_WHAT IS NEEDED:_ Where an entry contains a picture, omit the picture and repeat the rest exactly.

'''

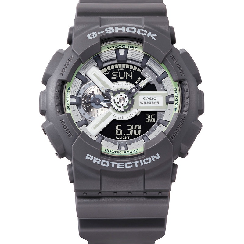 This new G-SHOCK GA110HD-8A is a part of the new G-SHOCK Hidden Glow Series, the design inspiration drawn from the hidden talents we all possess but rarely show off. This stylish grey, black and white look is constructed with a phosphorescent face that glows a vibrant bright green in the dark. Known for their continuous innovation, effortless toughness, and beauty this timepiece upholds that, offering functionality to its best ability with seamless design. Discover these watches hidden identity in the dark and be wowed by its eccentric luminescent features. – 55 51.2 16.9mm Case Size – 72g Weight – Resin Case, Bezel and Band- Shock Resistant- Magnetic Resistant- 200 Meters Water Resistant – Approx. battery life: 2 years on CR1220- Mineral Glass- World time: 29 time zones (48 cities + coordinated universal time), daylight saving on/off, home city/world time city swapping- Stopwatch- Timer- Alarm/hourly time signal: 5 daily alarms (with 1 snooze alarm)- LED light: Auto light switch, selectable illumination duration (1.5 seconds or 3 seconds), afterglow- Calendar: Full auto-calendar (to year 2099)- Accuracy: 15 seconds per month- 12/24-hour format- Regular timekeeping:*Analog: 2 hands (hour, minute (hand moves every 20 seconds)), 1 dial (speed)*Digital: Hour, minute, second, pm, month, date, day
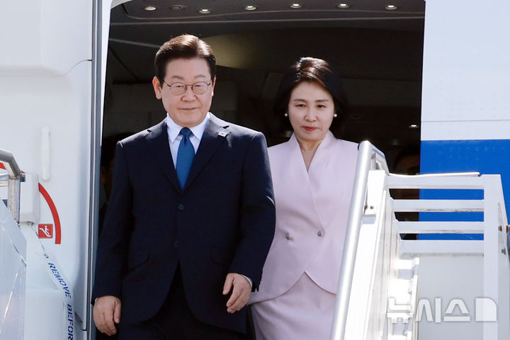 이재명 대통령이 26일(현지시간) 미국 필라델피아에서 방미 마지막 일정을 시작했다. 이 대통령 내외는 현지 시간으로 26일 오후 1시께 미국 필라델피아 국제공항에 도착했다. 이 대통령은 검은색 양복에 푸른색 넥타이를, 김혜경 여사는 분홍빛 투피스를 착용했다. 우리측에서는 이상호 주뉴욕총영사대리, 이재용 주필라델피아출장소장, 김경택 필라델피아
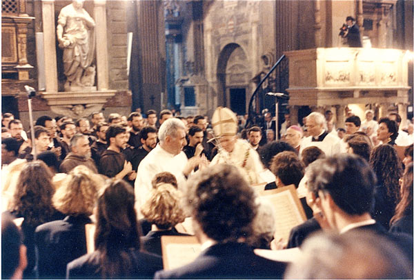 E per ricordare il suo ingresso in Duomo, vogliamo riportare dal bel libro “Il Papa a Cremona” questo breve brano: “Alle 17,40, mentre il Coro Polifonico Cremonese (diretto da don Dante Caifa) intona il “Tu es Petrus”, il Santo Padre varca la soglia della Cattedrale. Non poteva esserci presenza più importante per la celebrazione del quattrocentesimo anno della consacrazione del Duomo. La Cattedrale si presentava avvolta di luce. I fiori facevano corona agli splendidi dipinti esaltati da un sapiente e coraggioso restauro. Lo stesso Pontefice restava incantato dalla maestosità del catino dell’abside e dalla drammaticità della Crocifissione posta in controfacciata”.
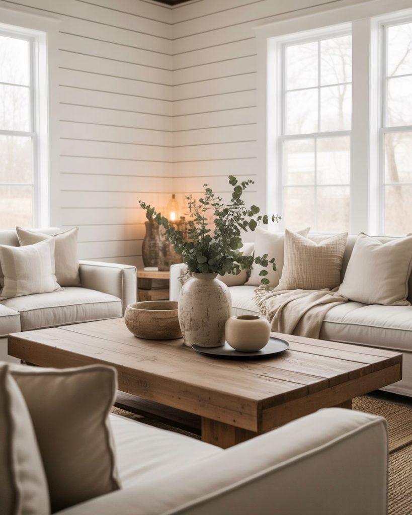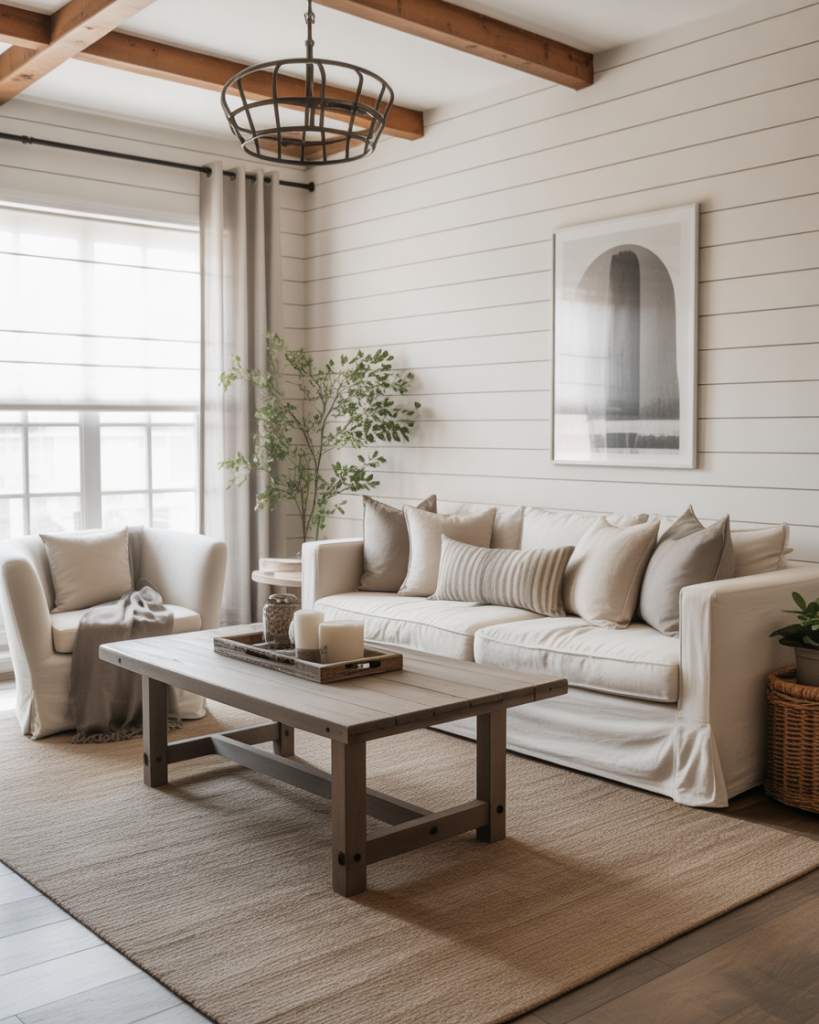 Modern farmhouse style combines rustic charm with contemporary comfort and remains a favorite through 2026. Think shiplap walls, oversized sofas, and neutral palettes with a splash of black accents. Wooden beams or salvaged coffee tables create a sense of grounded balance without overwhelming the room. It feels relaxed, timeless, and beautifully cozy.
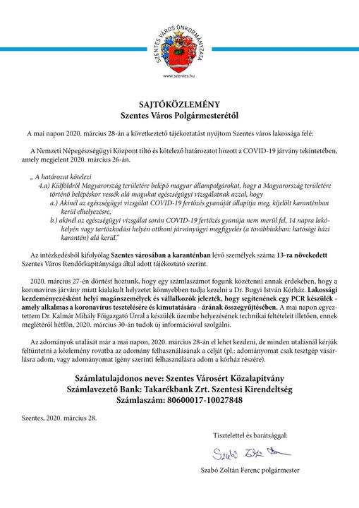 Az intézkedésből kifolyólag Szentes városában a karanténban lévő személyek száma 13-ra növekedett Szentes Város Rendőrkapitánysága által adott tájékoztató szerint – adta hírül sajtóközleményben Szabó Zoltán Ferenc polgármester.
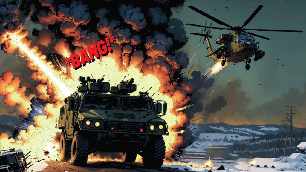 In our story, the heroes faced an armored vehicle chase after a civilian car with civilians and chose to come to the aid of people who had absolutely nowhere to wait for help.
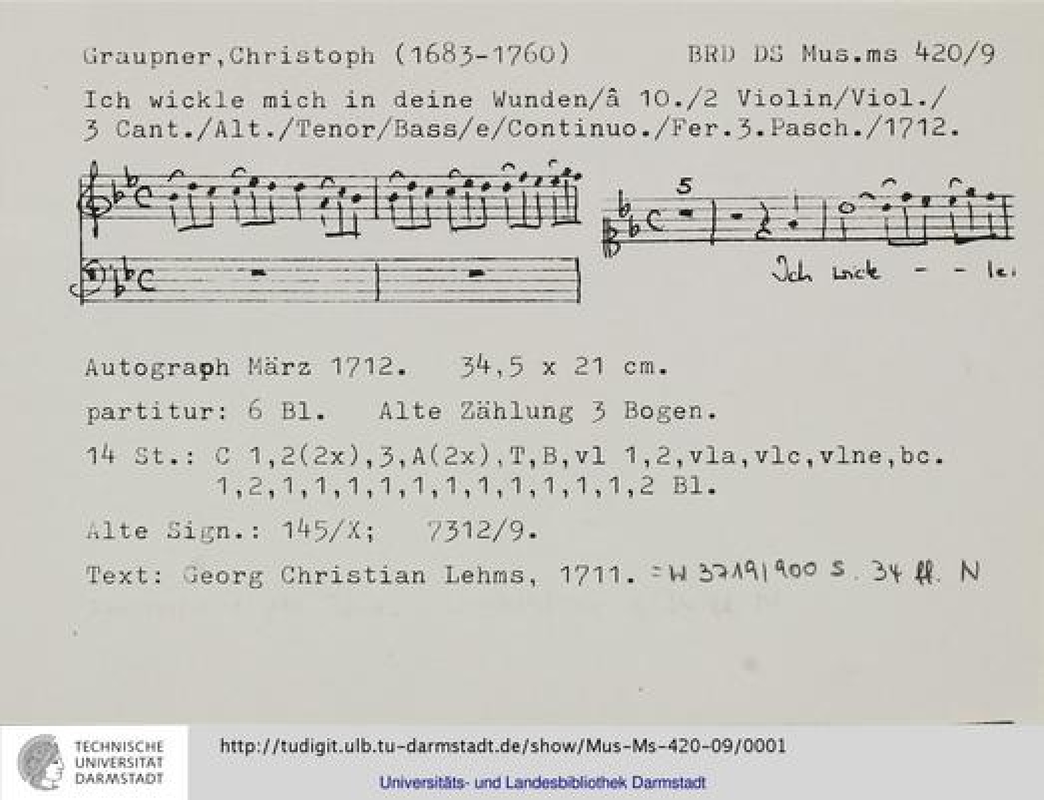 | Opus/Catalogue NumberOp./Cat. No. | GWV 1130/12 |
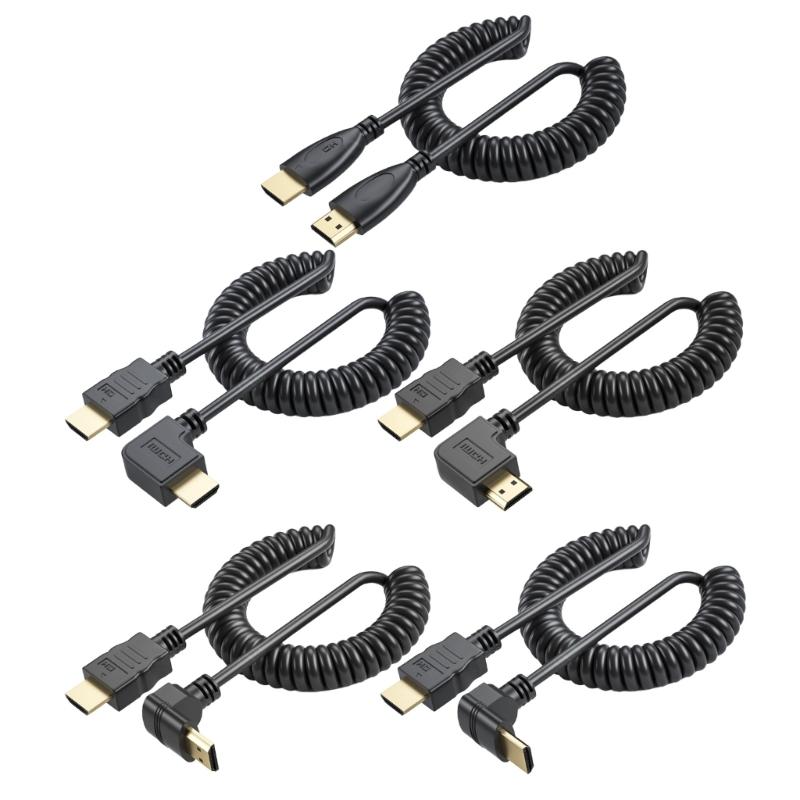 Rechtwinkliges HDTV Spiralkabel 90-Grad Stecker auf Stecker Federdesign Kabel Dehnt sich von 19 auf 75 Zoll aus Unterstützt 4K60HZ

'''

_SOLUTION FOR THIS EXERCISE:_
 This new G-SHOCK GA110HD-8A is a part of the new G-SHOCK Hidden Glow Series, the design inspiration drawn from the hidden talents we all possess but rarely show off. This stylish grey, black and white look is constructed with a phosphorescent face that glows a vibrant bright green in the dark. Known for their continuous innovation, effortless toughness, and beauty this timepiece upholds that, offering functionality to its best ability with seamless design. Discover these watches hidden identity in the dark and be wowed by its eccentric luminescent features. – 55 51.2 16.9mm Case Size – 72g Weight – Resin Case, Bezel and Band- Shock Resistant- Magnetic Resistant- 200 Meters Water Resistant – Approx. battery life: 2 years on CR1220- Mineral Glass- World time: 29 time zones (48 cities + coordinated universal time), daylight saving on/off, home city/world time city swapping- Stopwatch- Timer- Alarm/hourly time signal: 5 daily alarms (with 1 snooze alarm)- LED light: Auto light switch, selectable illumination duration (1.5 seconds or 3 seconds), afterglow- Calendar: Full auto-calendar (to year 2099)- Accuracy: 15 seconds per month- 12/24-hour format- Regular timekeeping:*Analog: 2 hands (hour, minute (hand moves every 20 seconds)), 1 dial (speed)*Digital: Hour, minute, second, pm, month, date, day
 이재명 대통령이 26일(현지시간) 미국 필라델피아에서 방미 마지막 일정을 시작했다. 이 대통령 내외는 현지 시간으로 26일 오후 1시께 미국 필라델피아 국제공항에 도착했다. 이 대통령은 검은색 양복에 푸른색 넥타이를, 김혜경 여사는 분홍빛 투피스를 착용했다. 우리측에서는 이상호 주뉴욕총영사대리, 이재용 주필라델피아출장소장, 김경택 필라델피아
 E per ricordare il suo ingresso in Duomo, vogliamo riportare dal bel libro “Il Papa a Cremona” questo breve brano: “Alle 17,40, mentre il Coro Polifonico Cremonese (diretto da don Dante Caifa) intona il “Tu es Petrus”, il Santo Padre varca la soglia della Cattedrale. Non poteva esserci presenza più importante per la celebrazione del quattrocentesimo anno della consacrazione del Duomo. La Cattedrale si presentava avvolta di luce. I fiori facevano corona agli splendidi dipinti esaltati da un sapiente e coraggioso restauro. Lo stesso Pontefice restava incantato dalla maestosità del catino dell’abside e dalla drammaticità della Crocifissione posta in controfacciata”.
 Modern farmhouse style combines rustic charm with contemporary comfort and remains a favorite through 2026. Think shiplap walls, oversized sofas, and neutral palettes with a splash of black accents. Wooden beams or salvaged coffee tables create a sense of grounded balance without overwhelming the room. It feels relaxed, timeless, and beautifully cozy.
 Az intézkedésből kifolyólag Szentes városában a karanténban lévő személyek száma 13-ra növekedett Szentes Város Rendőrkapitánysága által adott tájékoztató szerint – adta hírül sajtóközleményben Szabó Zoltán Ferenc polgármester.
 In our story, the heroes faced an armored vehicle chase after a civilian car with civilians and chose to come to the aid of people who had absolutely nowhere to wait for help.
 | Opus/Catalogue NumberOp./Cat. No. | GWV 1130/12 |
 Rechtwinkliges HDTV Spiralkabel 90-Grad Stecker auf Stecker Federdesign Kabel Dehnt sich von 19 auf 75 Zoll aus Unterstützt 4K60HZ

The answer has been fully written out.